> **YOUR ASSIGNMENT**:
What you return must be the full listing, word for word, with no images in it.
*** DATA EXTRACT
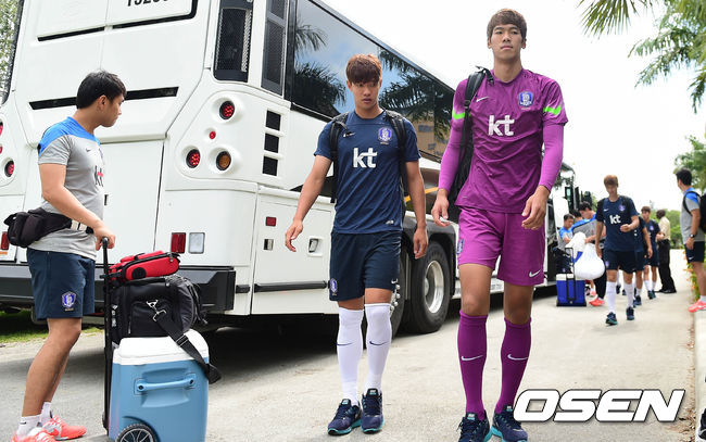10일 밤(이하 한국시간) 미국 플로리다주 마이애미 세인트 토마스 대학에서 열린 대표팀 회복훈련에 홍정호와 이범영이 도착해 그라운드로 향하고 있다.
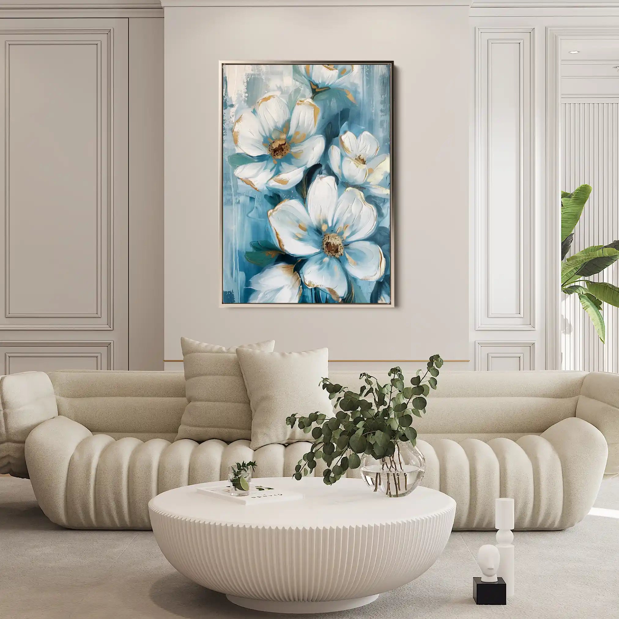 Modern wall art with quiet luxury. Museum-grade printing on 410gsm cotton canvas, set in a slim floater frame—clean, calm, ready to hang.
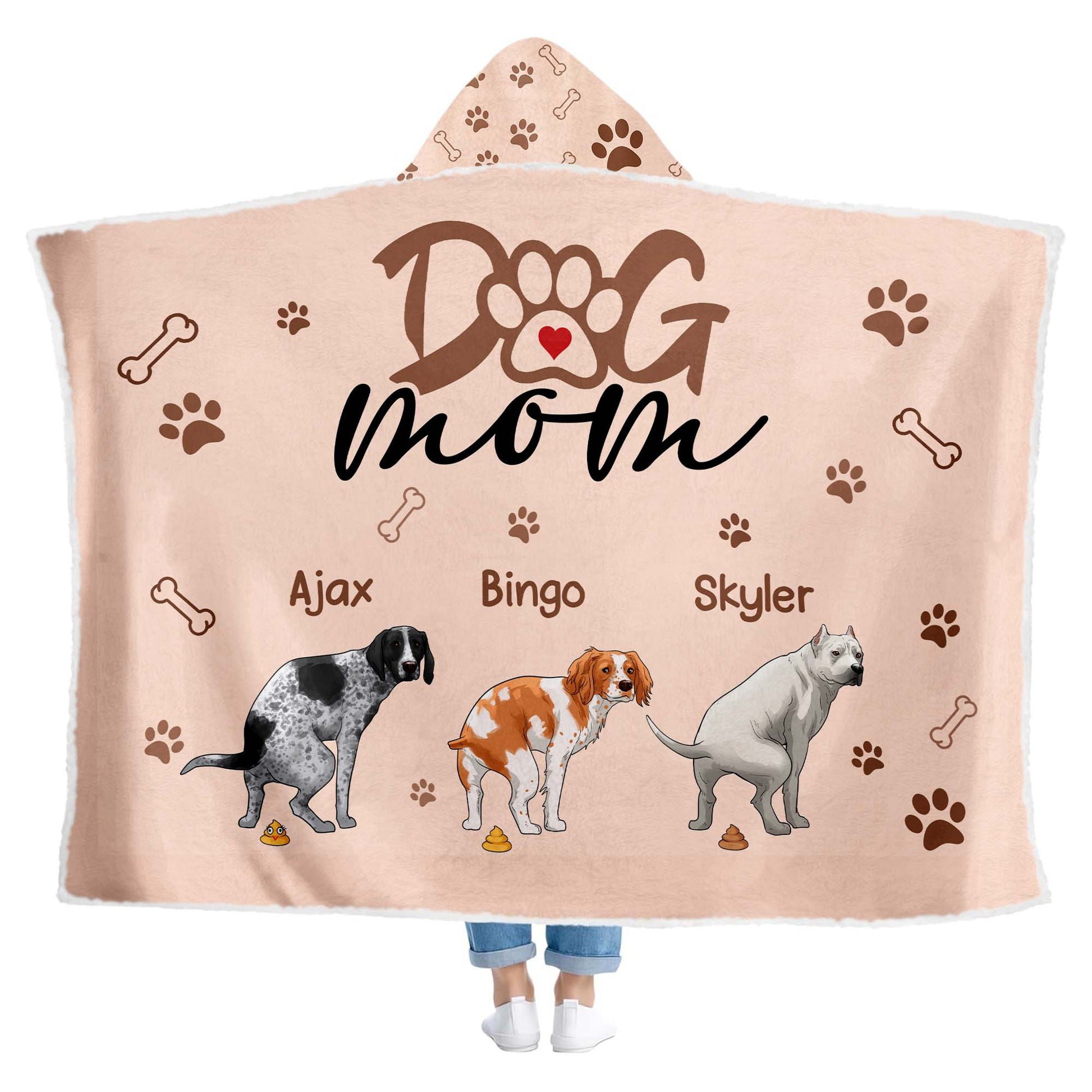 Personalized Dog Mom Gift, Funny Pooping Dog Blanket for Dog Lovers Hooded Blanket
******
> **WRITTEN REPLY**:
10일 밤(이하 한국시간) 미국 플로리다주 마이애미 세인트 토마스 대학에서 열린 대표팀 회복훈련에 홍정호와 이범영이 도착해 그라운드로 향하고 있다.
 Modern wall art with quiet luxury. Museum-grade printing on 410gsm cotton canvas, set in a slim floater frame—clean, calm, ready to hang.
 Personalized Dog Mom Gift, Funny Pooping Dog Blanket for Dog Lovers Hooded Blanket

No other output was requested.